Redillas has been blogging since 2009 but recently pivoted towards neurodiversity after realizing online resources for ADHD only targeted non-Filipinos or children. A large portion of solutions offered by these resources were impractical, expensive, or non-existent in a Filipino context. Not all of us are from the States or Europe, have access to doctors and medication, and enjoy being at least middle class, yet these are the expectations resources have of readers. If they did talk about Filipinos, they were angled toward figuring out how to calm hyperactive children down so they could do their homework. Redillas describes Filipino ADHD resources as stuck in a time capsule, frozen and out of touch with the realities Filipinos with ADHD face.

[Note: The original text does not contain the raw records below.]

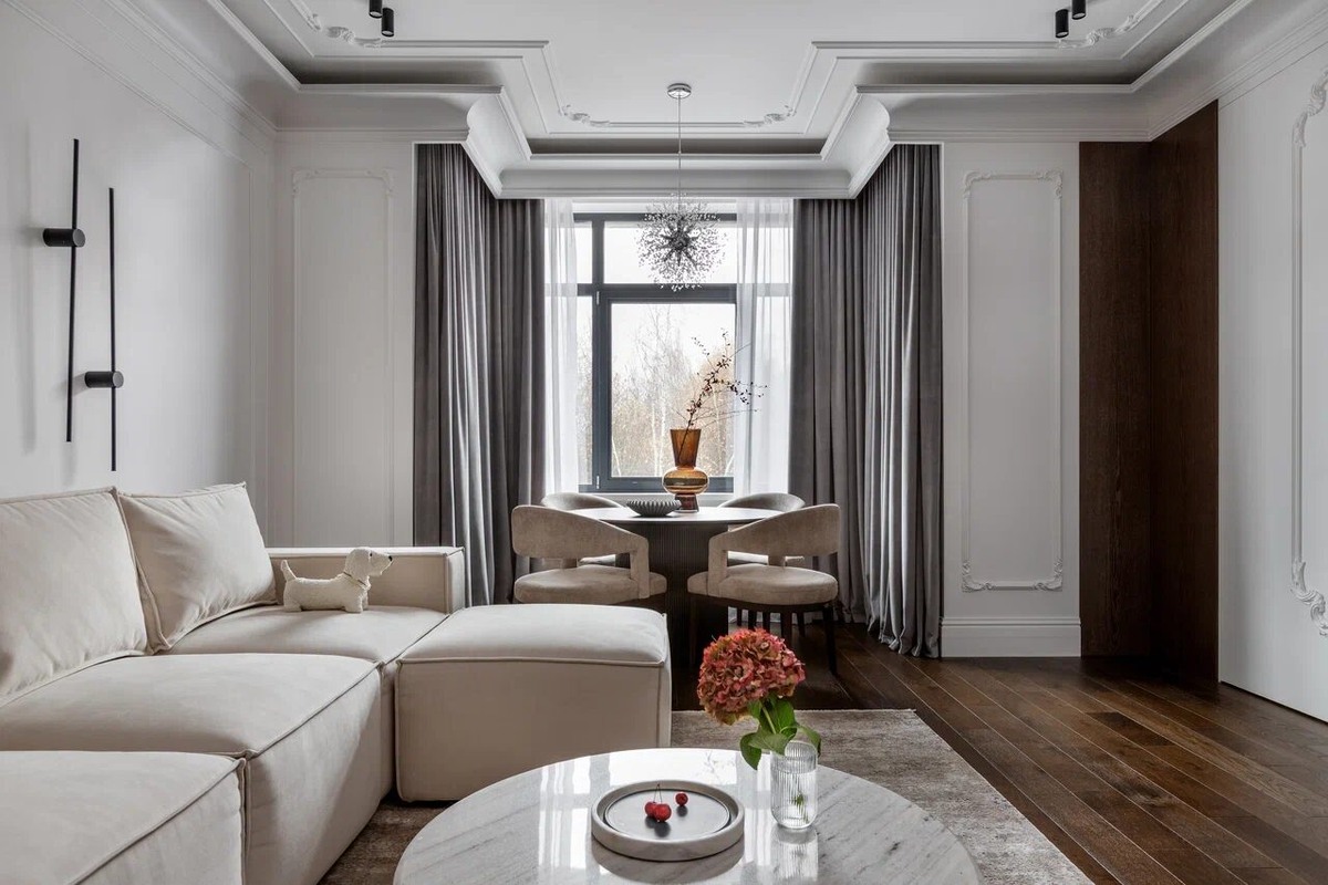 «Квартира молодой горожанки» Квартира площадью 70 м² расположена в одном из престижных районов Минска и создавалась для молодой девушки с активным ритмом жизни и тонким чувством эстетики. В основе планировочного решения — просторная кухня-гостиная-столовая,
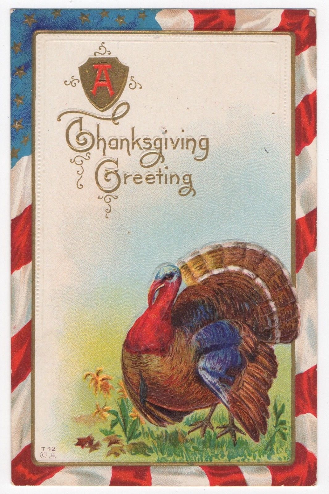 Title (ebay affiliate link): 1907c~PATRIOTIC AMERICAN FLAG Thanksgiving Day FAT Turkey Greeting Embossed
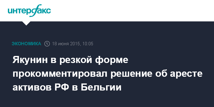 Якунин в резкой форме прокомментировал решение об аресте активов РФ в Бельгии
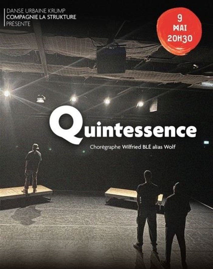 Quintessence est un spectacle de danse captivant, mis en scène par le chorégraphe Wilfried Blé alias Wolf, qui rassemble cinq interprètes pour explorer l'univers du Krump. Ce spectacle plonge profondément dans l'authenticité des émotions, révélant la puissance et la vulnérabilité présentes dans chacun de nous.
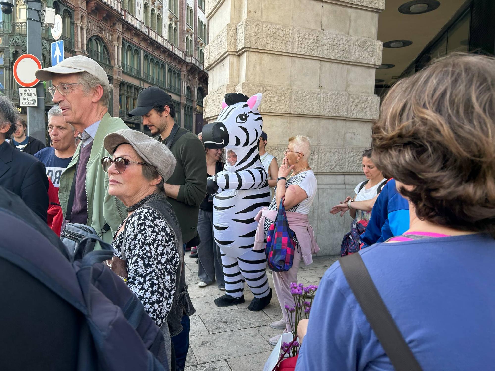 Mindeközben a Ferenciek terén maradt egy kisebb csoport, velük van Hadházy is.
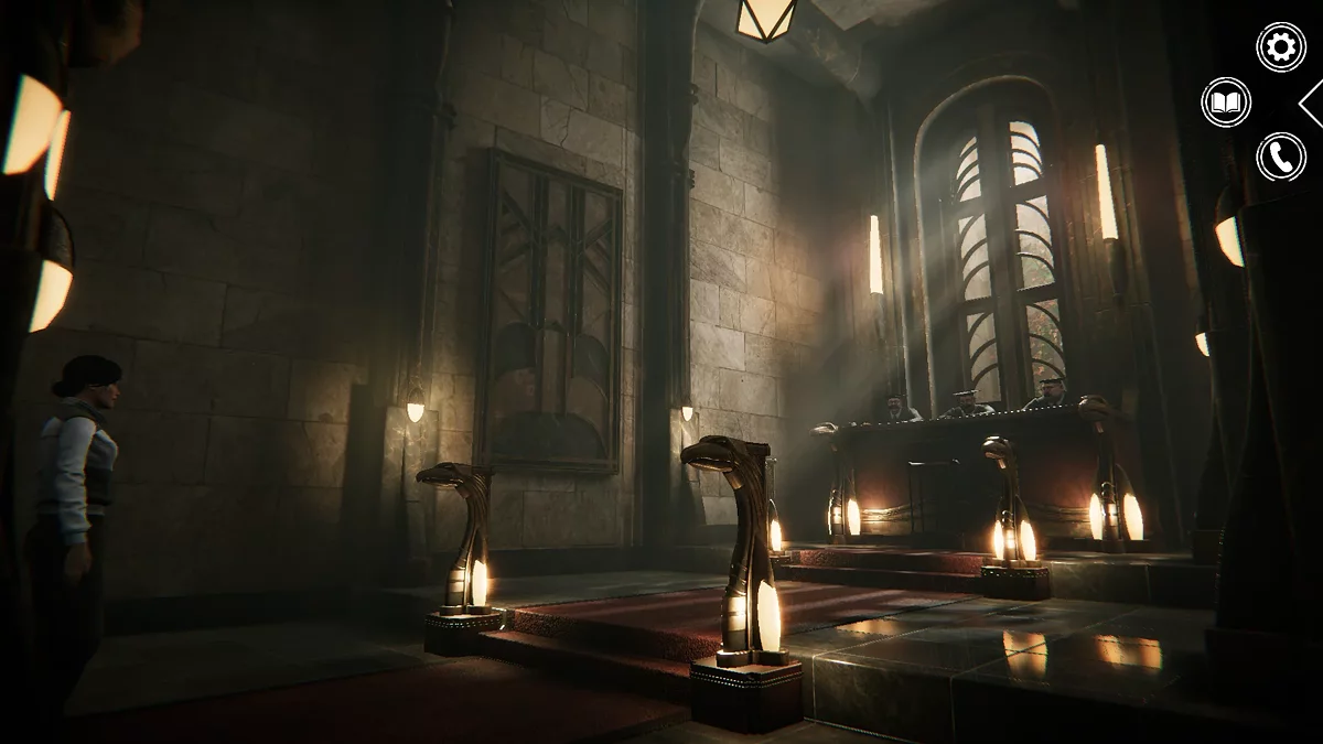Вернитесь назад и пройдите через главный выход со станции. Так вы окажетесь у здания университета. Пробегите к входу, минуя механический оркестр на площади. Рядом со зданием можно коротко пообщаться со студентом, после чего заходите внутрь. В холле поверните налево и откройте большую красную дверь — это кабинет ректоров.

Her blog, mariaisquixotic, addresses this. Sandwiched between articles on keywords and content management are guides on living with adult ADHD and local disability politics. While she may not be a mental health professional, her blog was made to help ease the struggles of either those who suspect they have ADHD or adults living with it. She says, “As much as possible, I want to help others find answers. Not entire (answers) but just a bit of a step forward (on) their journey to make their life easier.”
Many things make life complicated for Filipinos with ADHD and other forms of neurodivergence: steep maintenance fees, consultations with overworked professionals and undertrained interns, persistent ableism and stigma that prevent disabled people from living their lives, and so on. For these reasons, guides like Redillas’ become essential, especially when you’re on the beaten path of finding ways to play nice with your ADHD without medical guidance. But while online resources have been key to mental health and disability welfare, they shouldn’t be the only things we cultivate.
Like other disabled Filipinos, Redillas hopes for a future where the government, the workplace, and the insurance sector focus on improving diversity, equity, and inclusion. “There are some companies out there that are actively embracing and becoming more inclusive to differently abled people,” she shares. “Yet, there are others who are stuck in that mentality that ADHD (is) just fictional. There’s more traction for (destigmatizing ADHD), but there’s a very long way to go.”
My journey is also going to be a long one, but it's one I’m willing to push forward for as I kick back in the doctor’s waiting room, my foot twitching as I scroll through websites like Redillas’ to find the answers to my questions about how to live with the way I am. My life’s not going on pause until a doctor’s note appears in seven months or seven years, so I might as well learn ways I can help myself first. I was always bad at waiting.